Reynolds v Abel Estate Agent clarifies early conciliation requirements for tribunal amendments

Court of Appeal confirms section 18A does not apply to applications to amend existing claims
The Court of Appeal has provided significant clarification on the scope of early conciliation requirements in employment tribunal proceedings, determining that section 18A of the Employment Tribunals Act 1996 applies only to the initial institution of proceedings and not to subsequent applications to amend.
In Reynolds v Abel Estate Agent Ltd & Ors [2025] EWCA Civ 1357, the appellant employers challenged an employment tribunal's decision to grant the claimant permission to amend her claim form to include a detriment claim, arguing that the claimant had failed to obtain an early conciliation certificate (ECC) specifically for that claim. The appeal raised a fundamental question about whether the mandatory early conciliation provisions extend beyond the original presentation of a complaint.
Sir Nicholas Underhill, giving the leading judgement with which Snowden LJ and Falk LJ agreed, firmly rejected the appellants' construction of section 18A. The statutory language requires a "prospective" claimant to "present an application to institute relevant proceedings", which the Court held naturally connotes the initiation of a distinct process defined by a claim form and responses to it. An application to amend existing proceedings, including by introducing fresh claims or joining new parties, would not typically be described as the institution of proceedings.
This interpretation aligns with the statutory purpose underlying the early conciliation regime. Whilst requiring an opportunity for conciliation before any resort to the tribunal serves a clear policy objective, the position differs materially once proceedings have commenced. At that stage, early conciliation will already have been attempted without success. Complex cases may involve multiple applications to introduce fresh claims or join additional parties at various stages of proceedings, and imposing a requirement to invoke early conciliation on each occasion would prove both impractical and futile.

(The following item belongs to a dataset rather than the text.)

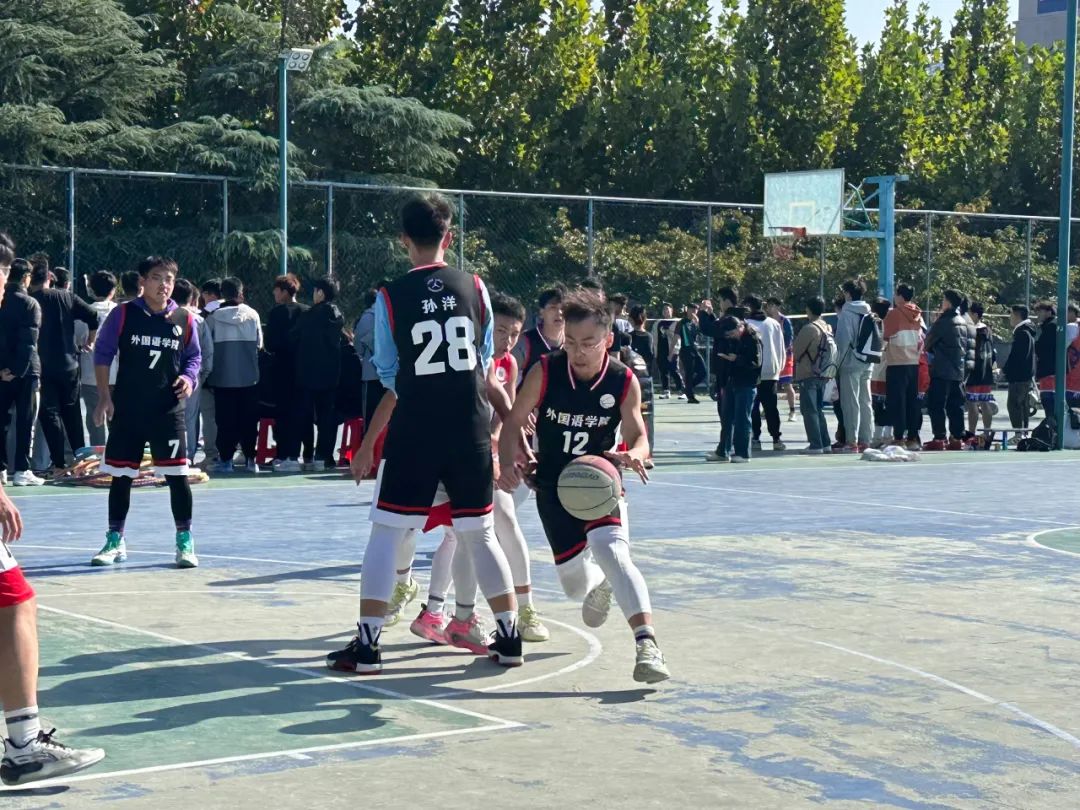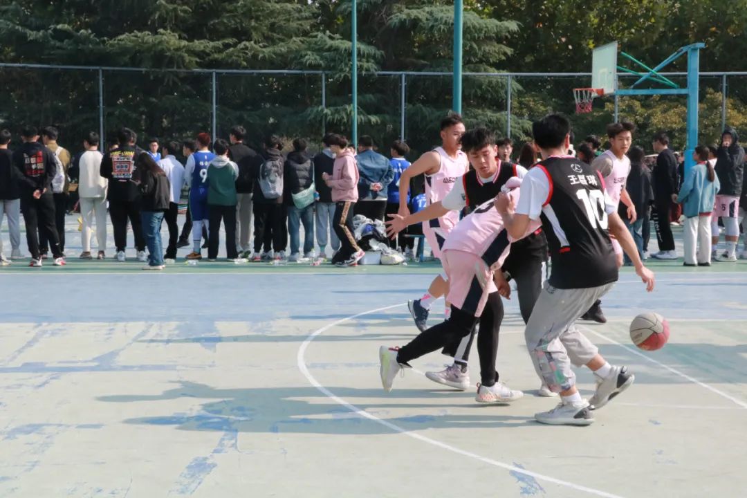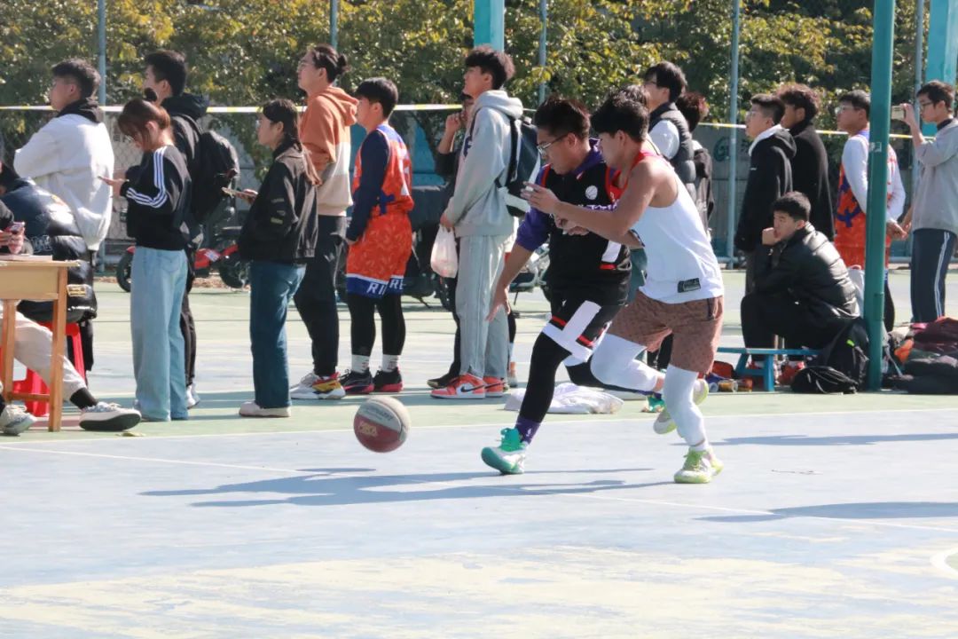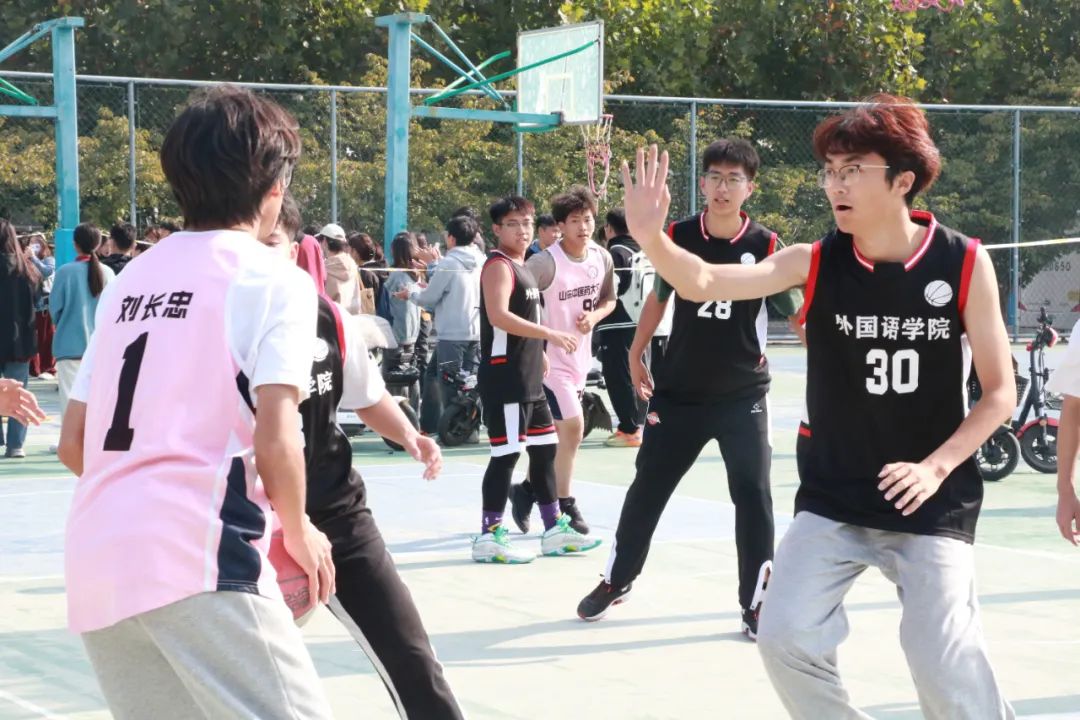夺球,侧身,一跃——“哇喔!进了!”观众席的欢呼此起彼伏,球场上运动员们正聚精会神地紧盯着对方的球员,肆意地在球场上奔跑,展现着青春的朝气与蓬勃的生气。

The Court expressly approved the reasoning in Science Warehouse Ltd v Khan and Drake v Secretary of State for Justice, rejecting the appellants' attempts to distinguish those authorities. The fact that early conciliation had not been invoked at all in relation to the detriment claim—rather than having been invoked for a different claim or respondent—made no difference to the construction question at issue.
Having determined that section 18A does not apply to amendments, the Court held there was no error of principle in granting permission to amend. The absence of prior early conciliation may constitute a relevant factor in exercising the tribunal's discretion, but cannot be determinative. Employment Judge Crosfill's exercise of discretion was upheld, with particular weight given to the venial nature of the claimant's failure given the tight timetable, and the intimate connection between the detriment claim and the existing unfair dismissal claim.
The judgement draws a useful parallel with established principles governing time limits. Permission may be granted to add claims or join respondents in employment tribunal proceedings notwithstanding that a fresh claim would be out of time. Where a new claim closely connects with matters already in issue, the jurisdictional bar operates differently than it would for wholly distinct fresh proceedings. This principle, rooted in the overriding objective of dealing with cases justly, extends logically to early conciliation requirements.
The decision provides welcome clarity for tribunal practitioners on a question that had generated some uncertainty. Whilst claimants remain obliged to comply strictly with early conciliation requirements when instituting proceedings, the judgement confirms that amendments introducing related claims or parties need not restart the early conciliation process. The tribunal's case management powers remain sufficiently flexible to address any potential prejudice through the discretionary framework governing amendments, rather than through rigid jurisdictional bars that would undermine efficiency and proportionality in tribunal proceedings.